[Opening Records supplied section]

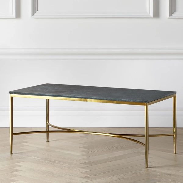 An ideal centerpiece for the modern living room, this coffee table’s sculptural steel frame is finished in brushed gold and supports an expressive green marble top.
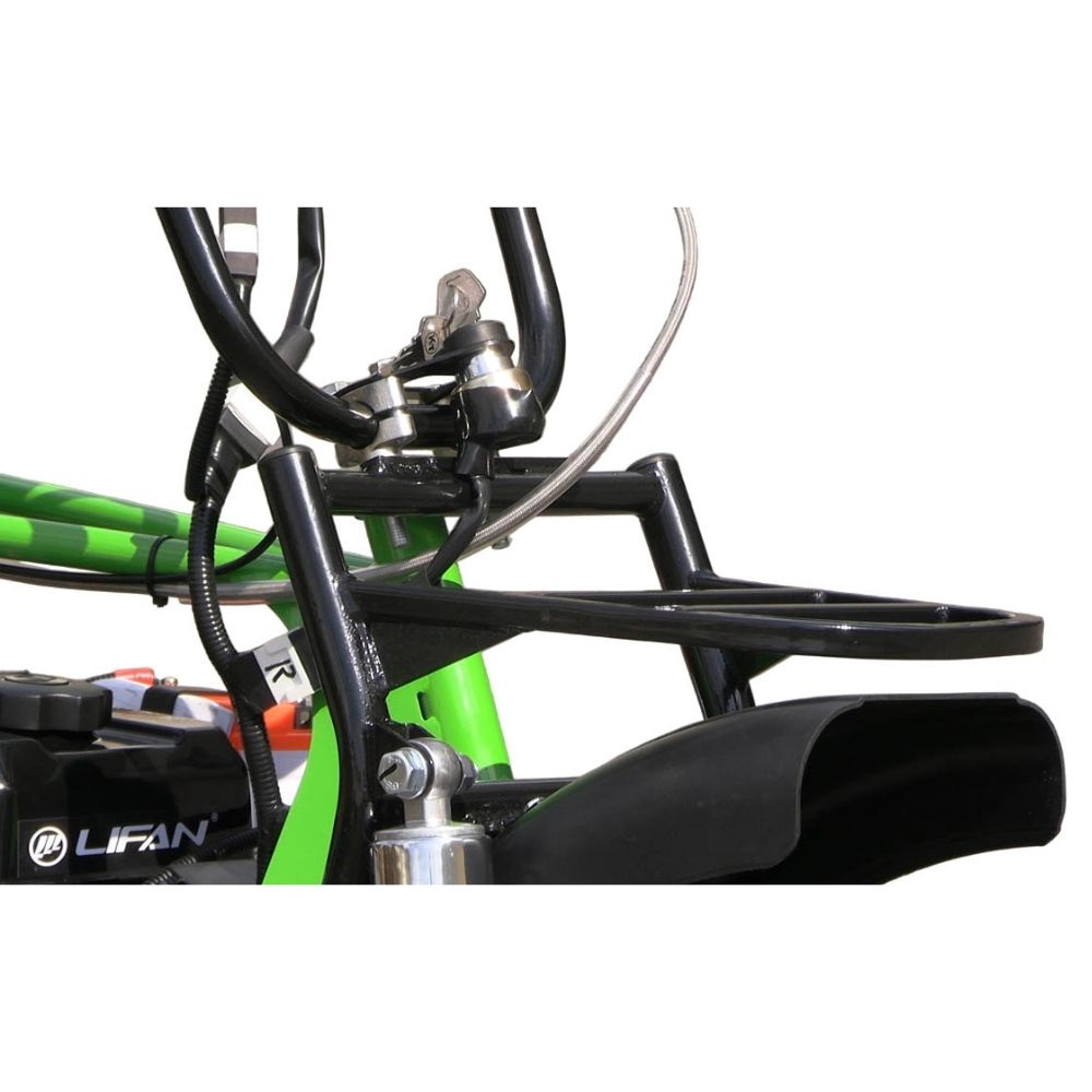 Двухамортизаторная передняя и задняя подвеска обеспечивает комфортное движение, эффективно сглаживая неровности. Покрышки 20×7-8" с глубоким протектором гарантируют хорошее сцепление на рыхлой почве, траве и грязи. Задний дисковый тормоз обеспечивает уверенное и быстрое торможение даже под нагрузкой. В комплектацию включена фара, что позволяет использовать мотоцикл в тёмное время суток или при недостаточной видимости.
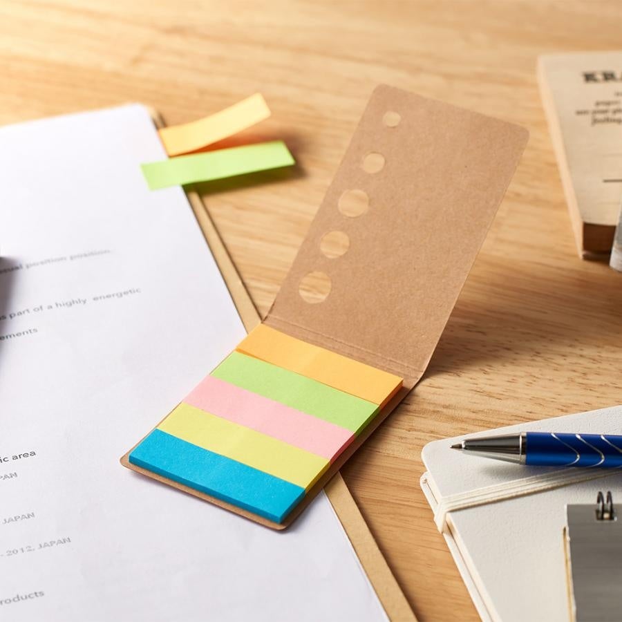 環境配慮の要素を取り入れた付箋メモ。実用性に加え、エコ意識の高まりに対応したアイテムとして注目されています。企業の姿勢を伝えるノベルティとしても活用されています。
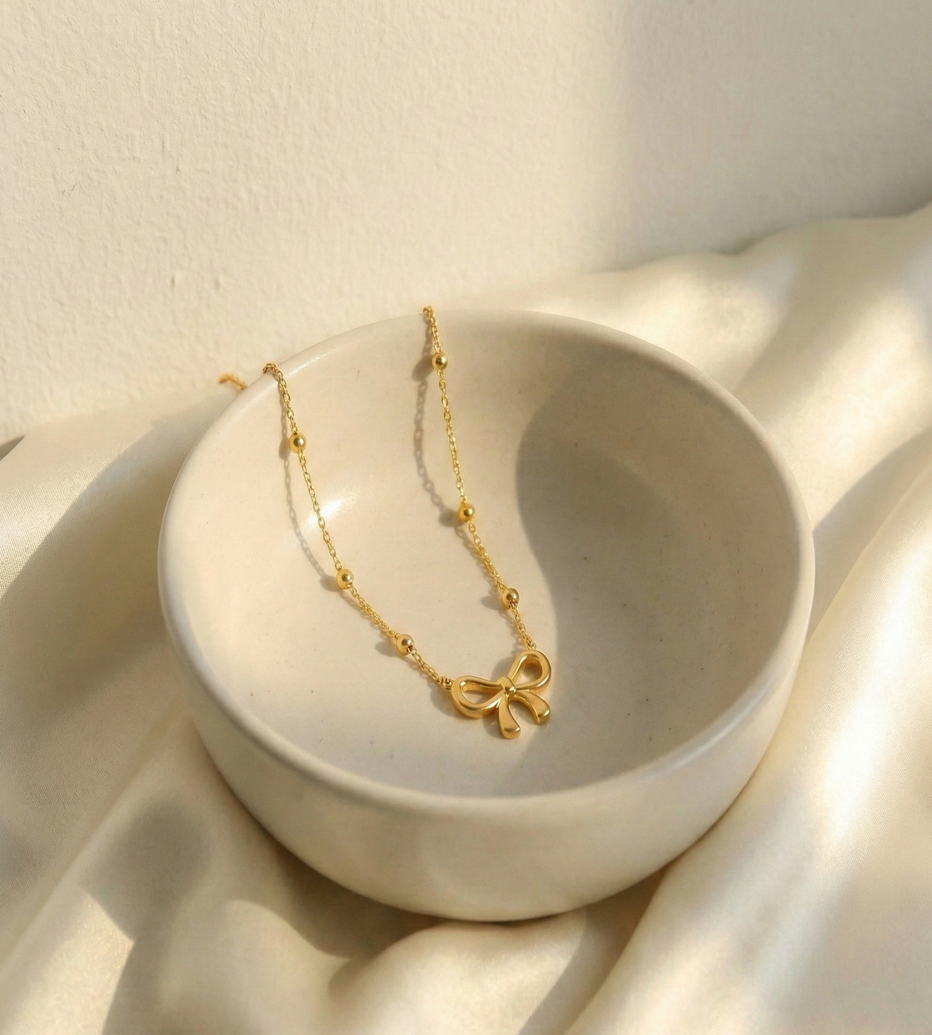 Beaded Bow Charm Necklace
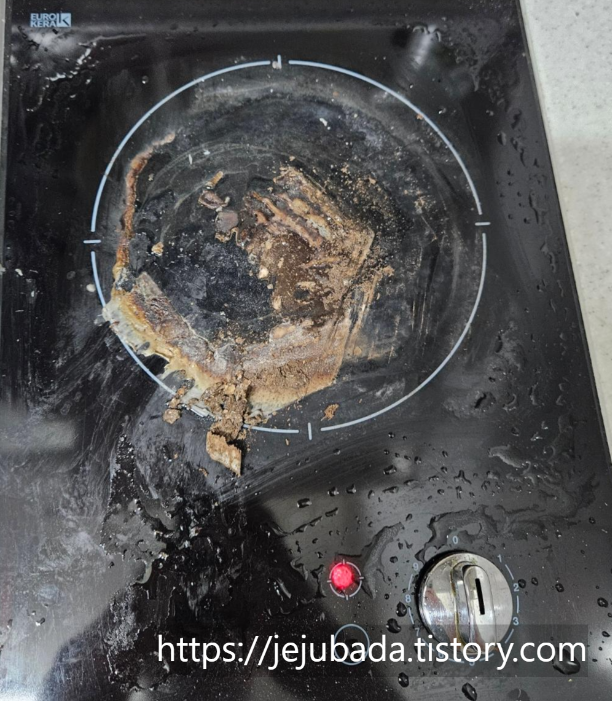 인덕션 위에 음식이 넘치거나 쏟아서 타버렸을 때 정말 당황스럽죠.
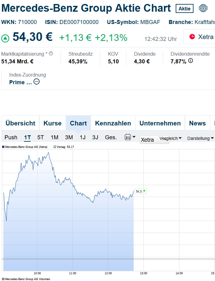 Zum Vergleich unten ein topaktuelle News zur Daimler-Benz-Group. Die Daimler-Aktie stieg heute um 2,13% auf 54 Euro, weil die Gewinnmarge höher als erwartet ausgefallen war: Sie soll nun bei 4 bis 6 % liegen, während die Erwartung bei 3,6% lag.
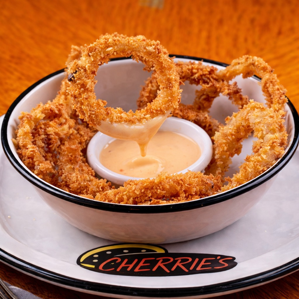 Crujientes aros de cebolla acompañados de nuestra salsa especial sriracha
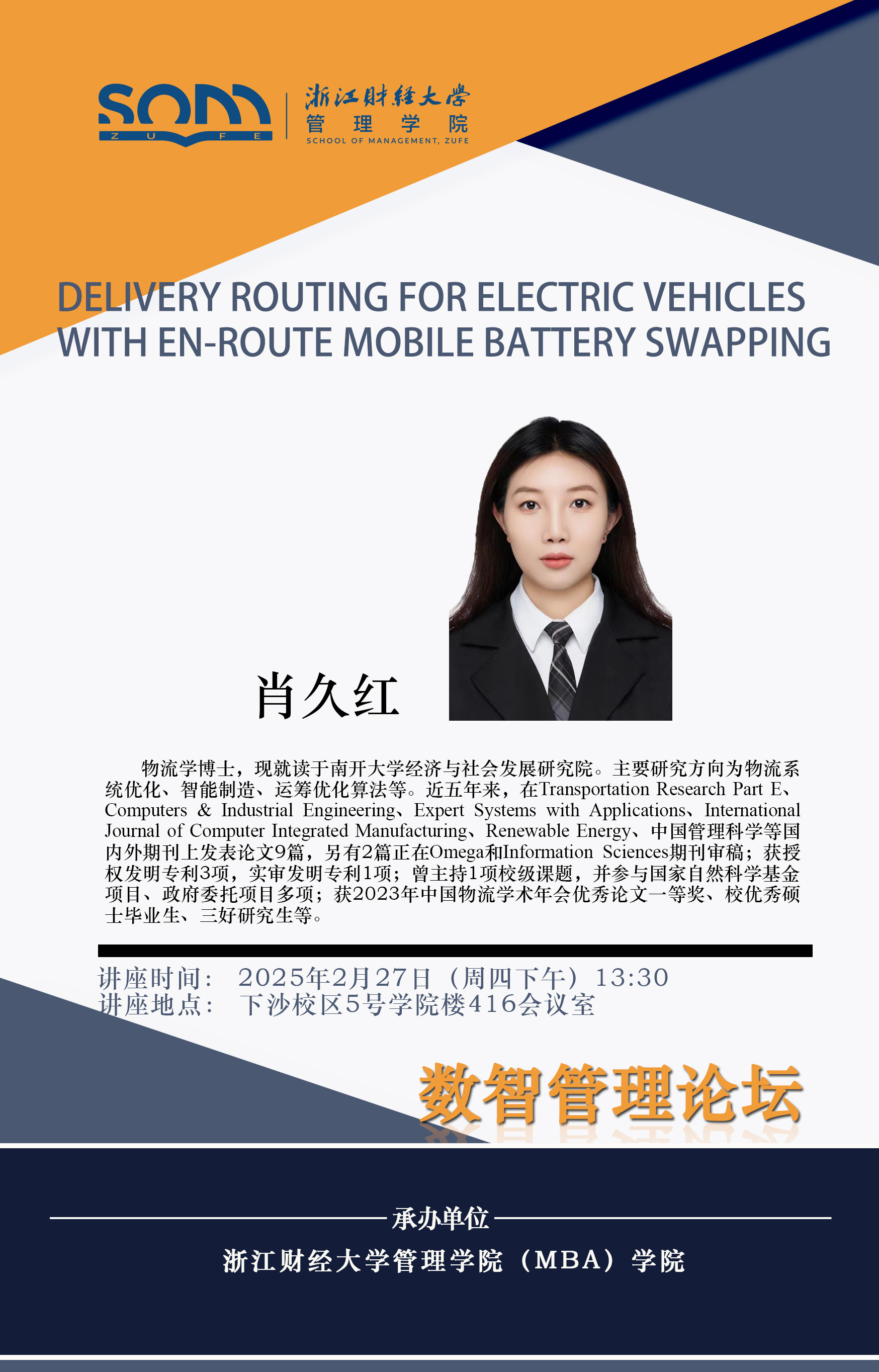 香蕉视频 新财经战略系列学术活动2025年第8期【学术报告】肖久红:Delivery routing for electric vehicles with en-route mobile battery swapping
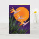 Bird of paradise note Card. Original image and illustration composition of beautiful tropical bird of paradise flowers on the background of a full orange moon. Blank card for any occasion.
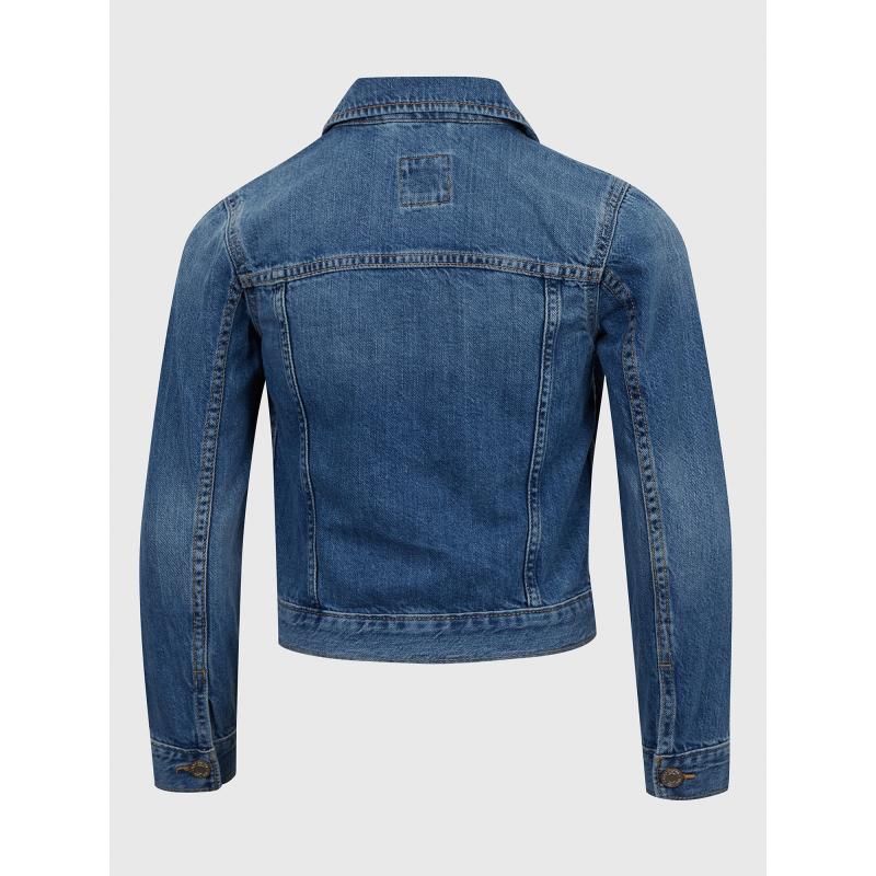 Dívčí džínová bunda.Klasický střih se zapínáním na kovové knoflíky.U krku límeček.Na hrudi 2 kapsy s klopami.Šikmé boční kapsy.Dlouhé rukávy s manžetou.100% bavlna. 95 % bavlna, 5 % recyklovaná bavlna
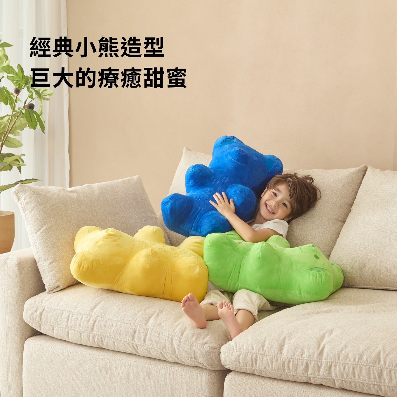 高度接近50公分、厚度更是有20公分的大抱枕,圓潤飽滿的立體身形,以及紮實的擁抱感,無論大人或小孩,皆能感受到滿滿療癒。
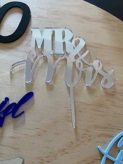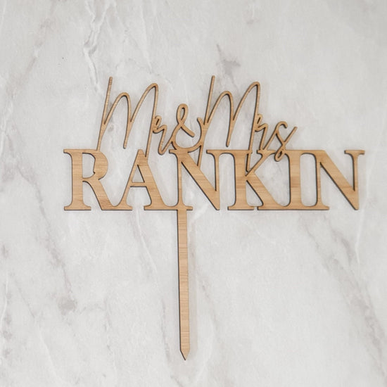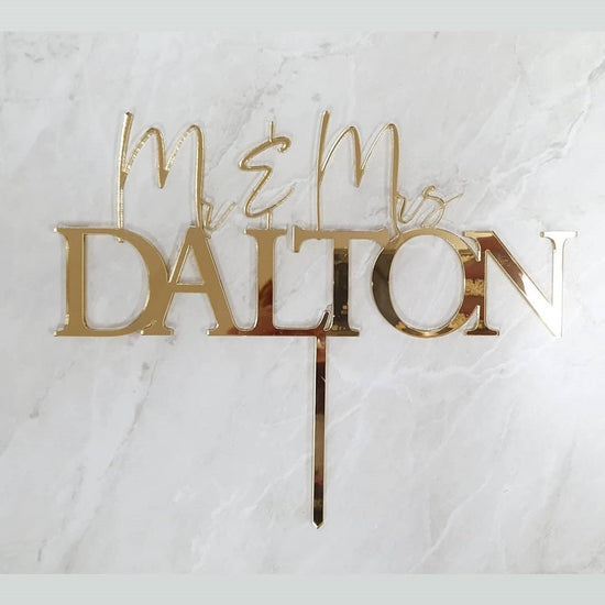 Personalised custom name wedding cake topper made to order with quality materials in acrylic, mirror acrylic and woods such as bamboo or ply wood.
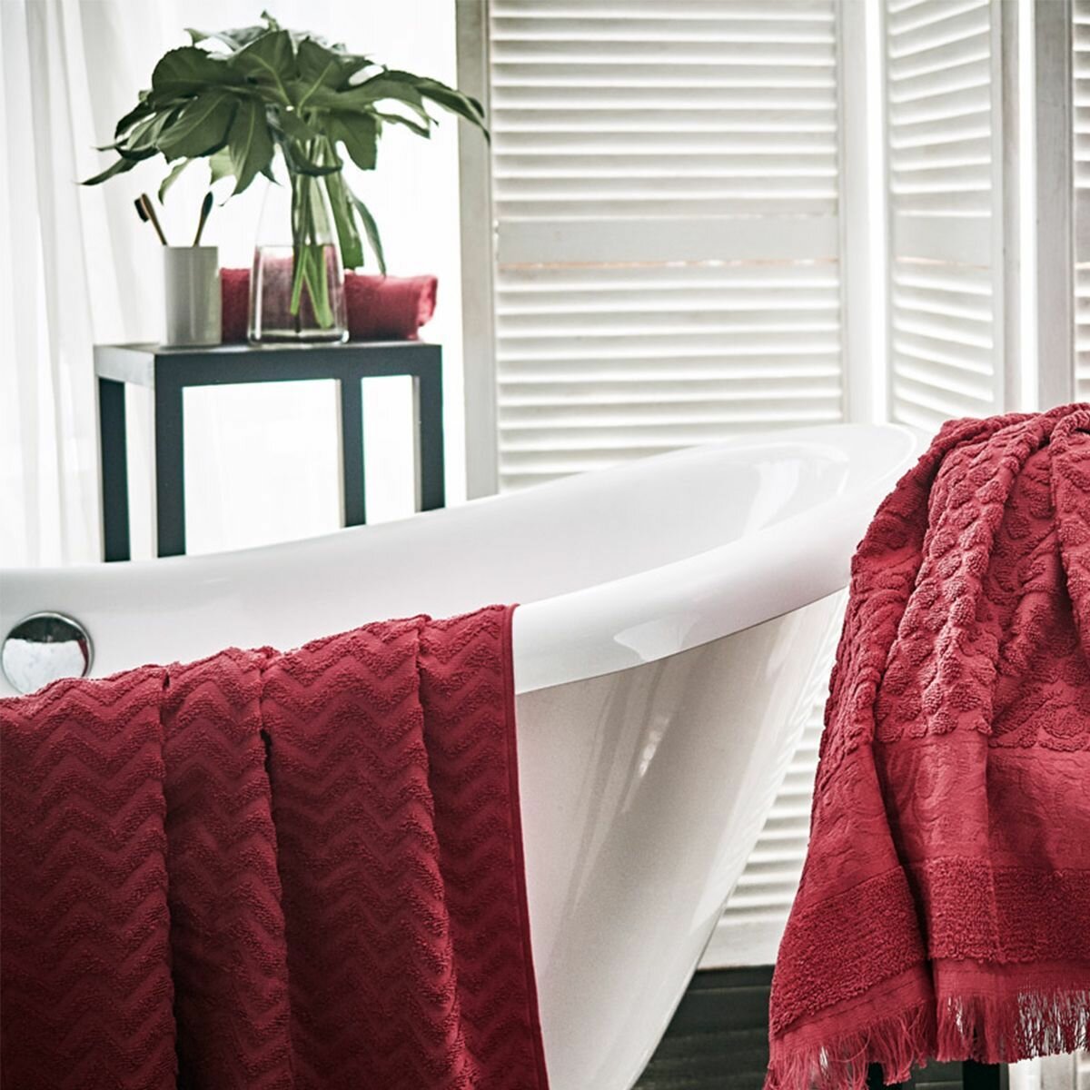 Полотенце махровое жаккардовое, Guten Morgen, 70х130, Зигзаг, Рубин, хлопок 100%, 400г/м2
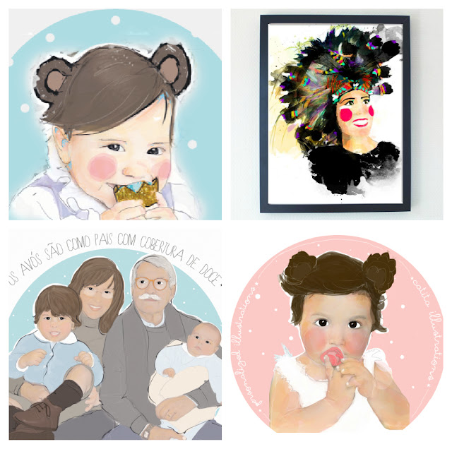 Catita Illustrations quando navegava pelo Pinterest e fiquei apaixonada pelo seu trabalho. Acho o máximo os quadros dela e são presentes tão giros e originais. Podem ser dos filhos, da família ou mesmo de nós próprias...quem ficou com desejos de ter um assim?

[Closing Records supplied section]

→ **Goal of the exercise**: Would you copy out, exactly and with no pictures, only the lines above from the one that contains "Beaded Bow Charm Necklace" through the one that contains "Personalised custom name"?

→ **Task result**:
 Beaded Bow Charm Necklace
 인덕션 위에 음식이 넘치거나 쏟아서 타버렸을 때 정말 당황스럽죠.
 Zum Vergleich unten ein topaktuelle News zur Daimler-Benz-Group. Die Daimler-Aktie stieg heute um 2,13% auf 54 Euro, weil die Gewinnmarge höher als erwartet ausgefallen war: Sie soll nun bei 4 bis 6 % liegen, während die Erwartung bei 3,6% lag.
 Crujientes aros de cebolla acompañados de nuestra salsa especial sriracha
 香蕉视频 新财经战略系列学术活动2025年第8期【学术报告】肖久红:Delivery routing for electric vehicles with en-route mobile battery swapping
 Bird of paradise note Card. Original image and illustration composition of beautiful tropical bird of paradise flowers on the background of a full orange moon. Blank card for any occasion.
 Dívčí džínová bunda.Klasický střih se zapínáním na kovové knoflíky.U krku límeček.Na hrudi 2 kapsy s klopami.Šikmé boční kapsy.Dlouhé rukávy s manžetou.100% bavlna. 95 % bavlna, 5 % recyklovaná bavlna
 高度接近50公分、厚度更是有20公分的大抱枕,圓潤飽滿的立體身形,以及紮實的擁抱感,無論大人或小孩,皆能感受到滿滿療癒。
 Personalised custom name wedding cake topper made to order with quality materials in acrylic, mirror acrylic and woods such as bamboo or ply wood.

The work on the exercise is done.